主题:哪位可以帮我把这个转成VB的?(有C++和Delphi源码)
见:http://blog.csdn.net/jh_zzz/archive/2007/05/31/1632776.aspx
Delphi 的版本:
function IsTextUTF8(lpstrInputStream : PChar; iLen : Integer) : Boolean;
var
i : Integer;
cOctets : DWORD; // octets to go in this UTF-8 encoded character
chr : UCHAR;
bAllAscii : Boolean;
begin
cOctets := 0;
bAllAscii := True;
for i := 0 to iLen - 1 do
begin
chr := Ord(lpstrInputStream[i]);
if ( (chr and $80) <> 0 ) then
bAllAscii := False;
if ( cOctets = 0 ) then
begin
//
// 7 bit ascii after 7 bit ascii is just fine. Handle start of encoding case.
//
if ( chr >= $80 ) then
begin
//
// count of the leading 1 bits is the number of characters encoded
//
chr := chr * 2;
cOctets := cOctets + 1;
while( (chr and $80) <> 0 ) do
begin
chr := chr * 2;
cOctets := cOctets + 1;
end;
cOctets := cOctets - 1; // count includes this character
if( cOctets = 0 ) then
begin
Result := False; // must start with 11xxxxxx
exit;
end;
end;
end
else begin
// non-leading bytes must start as 10xxxxxx
if( (chr and $C0) <> $80 ) then
begin
Result := False;
exit;
end;
cOctets := cOctets - 1; // processed another octet in encoding
end;
end;
//
// End of text.

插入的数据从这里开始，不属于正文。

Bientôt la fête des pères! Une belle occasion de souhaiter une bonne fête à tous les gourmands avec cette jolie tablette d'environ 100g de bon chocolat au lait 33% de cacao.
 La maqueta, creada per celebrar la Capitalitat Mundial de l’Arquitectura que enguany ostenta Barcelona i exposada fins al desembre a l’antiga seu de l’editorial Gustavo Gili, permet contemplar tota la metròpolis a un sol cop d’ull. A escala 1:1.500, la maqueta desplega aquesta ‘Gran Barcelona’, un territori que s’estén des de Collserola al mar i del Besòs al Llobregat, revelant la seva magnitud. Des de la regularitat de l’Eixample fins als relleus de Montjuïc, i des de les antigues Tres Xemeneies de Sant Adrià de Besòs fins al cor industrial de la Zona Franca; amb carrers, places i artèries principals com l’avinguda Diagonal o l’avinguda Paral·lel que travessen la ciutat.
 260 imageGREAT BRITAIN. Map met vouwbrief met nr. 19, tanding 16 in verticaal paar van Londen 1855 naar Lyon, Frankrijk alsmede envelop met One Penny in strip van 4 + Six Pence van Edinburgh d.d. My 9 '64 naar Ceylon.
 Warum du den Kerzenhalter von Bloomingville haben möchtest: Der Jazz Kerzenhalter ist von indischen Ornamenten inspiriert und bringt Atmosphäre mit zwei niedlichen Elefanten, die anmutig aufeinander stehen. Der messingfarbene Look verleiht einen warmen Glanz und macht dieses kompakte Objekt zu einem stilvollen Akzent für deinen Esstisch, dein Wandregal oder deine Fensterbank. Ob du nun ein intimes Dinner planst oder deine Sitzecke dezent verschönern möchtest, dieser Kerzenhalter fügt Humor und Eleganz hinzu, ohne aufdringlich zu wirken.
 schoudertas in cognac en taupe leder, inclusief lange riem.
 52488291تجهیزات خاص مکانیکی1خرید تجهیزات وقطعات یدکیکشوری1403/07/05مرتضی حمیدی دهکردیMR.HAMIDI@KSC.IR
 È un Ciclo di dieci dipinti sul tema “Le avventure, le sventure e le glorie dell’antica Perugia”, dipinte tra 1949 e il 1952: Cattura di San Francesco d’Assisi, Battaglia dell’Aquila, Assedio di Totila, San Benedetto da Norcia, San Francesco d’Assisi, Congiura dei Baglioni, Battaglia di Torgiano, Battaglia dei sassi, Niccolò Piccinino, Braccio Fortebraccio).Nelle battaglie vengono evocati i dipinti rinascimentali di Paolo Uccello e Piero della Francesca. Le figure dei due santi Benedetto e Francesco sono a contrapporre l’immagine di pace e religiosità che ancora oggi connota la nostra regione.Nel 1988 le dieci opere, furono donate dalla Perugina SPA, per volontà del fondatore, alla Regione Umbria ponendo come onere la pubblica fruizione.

Check for consistency.
//
if( cOctets > 0 ) then // anything left over at the end is an error
begin
Result := False;
exit;
end;
if bAllAscii then // Not utf-8 if all ascii. Forces caller to use code pages for conversion
begin
Result := False;
exit;
end;
Result := True;
end;
下面的是 C++ 原作:
/* IsTextUTF8
*
* UTF-8 is the encoding of Unicode based on Internet Society RFC2279
* ( See http://www.cis.ohio-state.edu/htbin/rfc/rfc2279.html )
*
* Basicly:
* 0000 0000-0000 007F - 0xxxxxxx (ascii converts to 1 octet!)

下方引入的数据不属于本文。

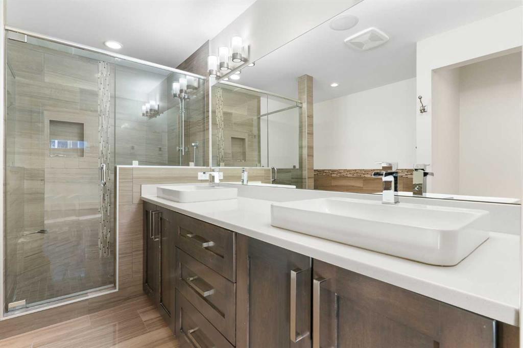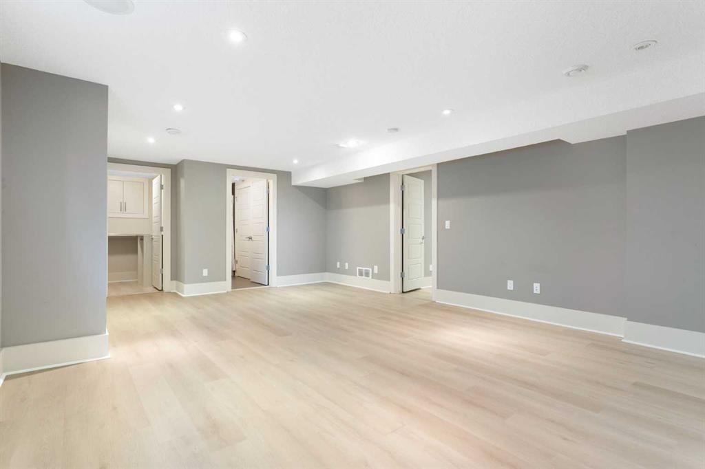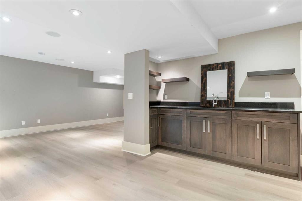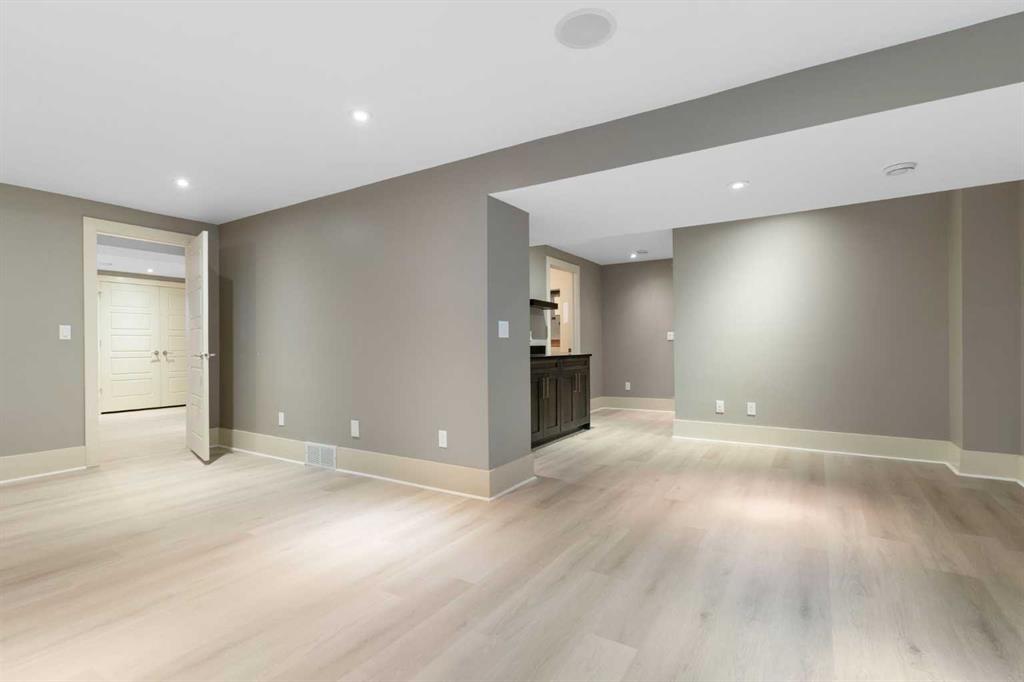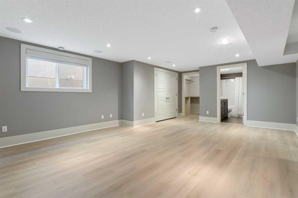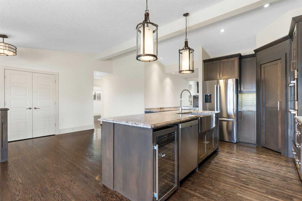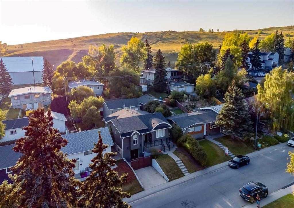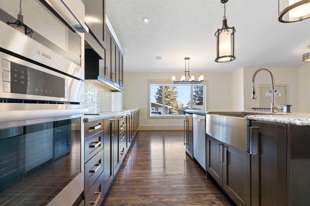 Welcome to this beautifully updated bungalow offers over 2800sqft of thoughtfully designed living space, making it ideal for families of all stages. Conveniently located only minutes from downtown, this home is surrounded by green spaces & parks. Renovation of this residence to an exceptional standard, with craftsmanship and attention to detail evident throughout. Walls are newly painted to give it a modern fresh look. From the moment you step inside, you’re welcomed by dramatic vaulted ceilings and a bright, open floor plan that creates an immediate sense of space. The expansive custom kitchen anchors the home, featuring rich espresso-toned maple cabinetry, custom roll-out drawer inserts added , a large central island designed for gatherings, generous pantry storage, newly upgraded stainless steel appliances, and an extended serving counter with built-in cabinetry—perfect for entertaining and everyday use. Unlike many bungalows, this home offers 3 bedrooms and 3 bathrooms on the main level, including two bedrooms with private en-suite baths—a rare and highly sought-after layout. The fully finished walkout basement adds even more flexibility, with a spacious 4th bedroom that can easily serve as a home office or guest suite. With its own entrance, dual closets, and adjacent bathroom, this space is ideal for those seeking privacy or a work-from-home setup. A large laundry room on this level includes abundant cabinetry and counter space for added convenience. This Home is also equipped with central air-conditioning for those hot summer days. At the rear of the property, the oversized 3 car garage is a standout feature, offering room for larger vehicles , Additional highlights include a durable acrylic stucco exterior, upgraded 200-amp electrical service, an energy-efficient furnace, and updated windows throughout the home. Custom blinds (dining room and patio door blinds are motorized), with blackout blinds in bedrooms – New fireplace unit and brick masonry surround (2025) . The inviting front courtyard and secondary parking pad—providing access to the walkout level—add both charm and practicality. Inside, custom cabinetry valued at over $80,000 is showcased throughout the home, paired seamlessly with granite countertops. Vaulted ceilings and site-finished hardwood floors contribute to a bright, airy atmosphere, while upscale finishes elevate the living experience. The primary en-suite features a spa-inspired shower with body sprays and a deep soaker tub, while two fireplaces add warmth and character to the home. Enjoy scenic views toward downtown, adding yet another layer of appeal. The surrounding area offers outstanding amenities, including the nearby Calgary Winter Club, Nature lovers will appreciate the close proximity to Nose Hill Park, one of Calgary’s largest natural reserves. With downtown Calgary and the University of Calgary both just 15 minutes away, this home delivers an exceptional balance of location, comfort, and lifestyle.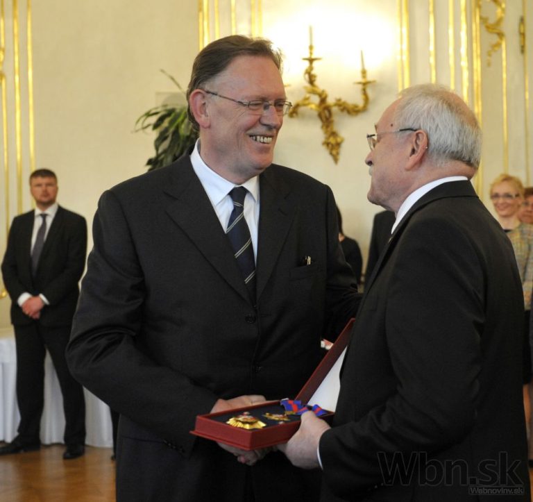 Zľava: Bývalý spravodajca Európskeho parlamentu Jan Marinus Wiersma a prezident SR Ivan Gašprovič počas udeľovania štátnych vyznamenaní Radu Bieleho dvojkríža II. triedy predstaviteľom inštitúcií Európskej únie pri príležitosti 10. výročia vstupu Slovenskej republiky do EÚ. Foto: SITA/Ján Slovák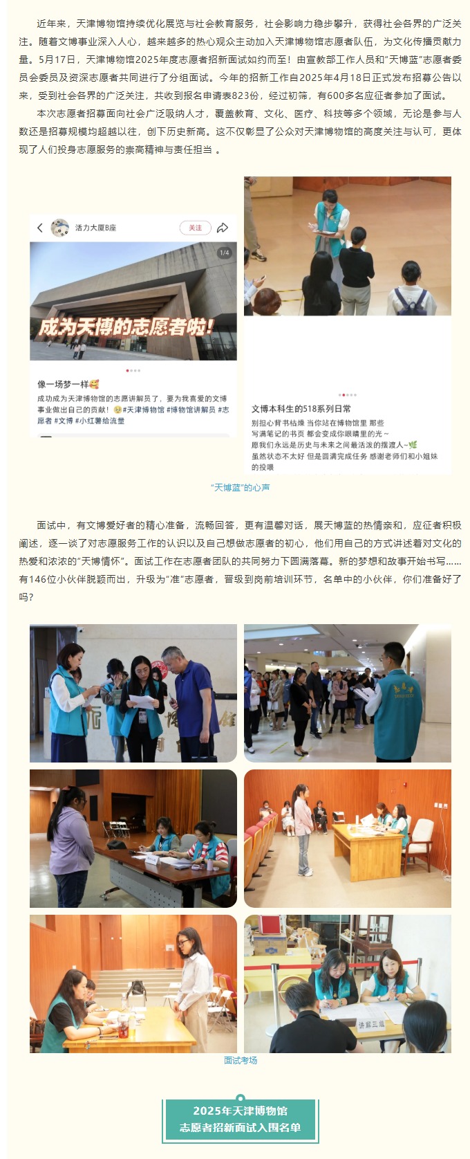欢迎加入“天博蓝”大家庭——2025年天津博物馆志愿者招新面试入围名单公布

* 0000 0080-0000 07FF - 110xxxxx 10xxxxxx ( 2 octet format)
* 0000 0800-0000 FFFF - 1110xxxx 10xxxxxx 10xxxxxx (3 octet format)
* (this keeps going for 32 bit unicode)
*
*
* Return value: TRUE, if the text is in UTF-8 format.
* FALSE, if the text is not in UTF-8 format.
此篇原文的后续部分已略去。